Here, we've registered our function `strlen` in the `SparkSesssion` with the name `len`.  Now, let's use it to find extremely long transaction descriptions.

In [14]:
spark.sql("SELECT len(desc), desc FROM txns WHERE len(desc) >= 100 ORDER BY len(desc) DESC").show()

+---------+--------------------+
|len(desc)|                desc|
+---------+--------------------+
|      107|External Deposit ...|
|      107|External Deposit ...|
+---------+--------------------+



If you want to know the original descriptions use collect.

In [15]:
spark.sql("SELECT len(desc), desc FROM txns WHERE len(desc) >= 100 ORDER BY len(desc) DESC").collect()


[Row(len(desc)='107', desc='External Deposit - AMAZON.COM ID3LXQ2E - Marketplac  payments.amazon.com ID#U6X42QZ19K9LLOW U6X42QZ19K9LLOW'),
 Row(len(desc)='107', desc='External Deposit - AMAZON.COM IESC1WFF - Marketplac  payments.amazon.com ID#QNQK9Z43WLNNVIB QNQK9Z43WLNNVIB')]

There are only two transactions whose length exceeds 100 characters.  Notice that we've used our UDF in the `SELECT` clause, the `WHERE` clause, and the `ORDER BY` clause!  Nice, right?

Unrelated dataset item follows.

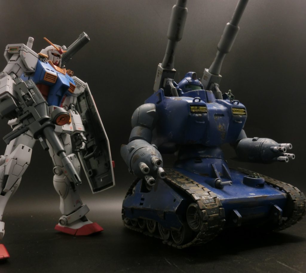 コメントありがとうございます。今回はかなり苦戦しました。最初はオリジンガンタンク初期型を使用して少し手を加えれば簡単にできると考えていたのですが、良いキットなので躊躇して、安価なHGガンタンクを犠牲にしました。ほぼ原形を留めていないので、フルスクラッチでもよかったのではと思いながらも後戻りできずに突き進んだ次第です。気にいっていただき良かったです。

### Create tables from other types of data

Spark SQL supports directly creating `DataFrame`s from several different formats natively, including JSON, Parquet, and even JDBC.  That's right:  you can create your own tables in the cluster from data in some *external* JDBC data source!  Let's have a look at reading some JSON data.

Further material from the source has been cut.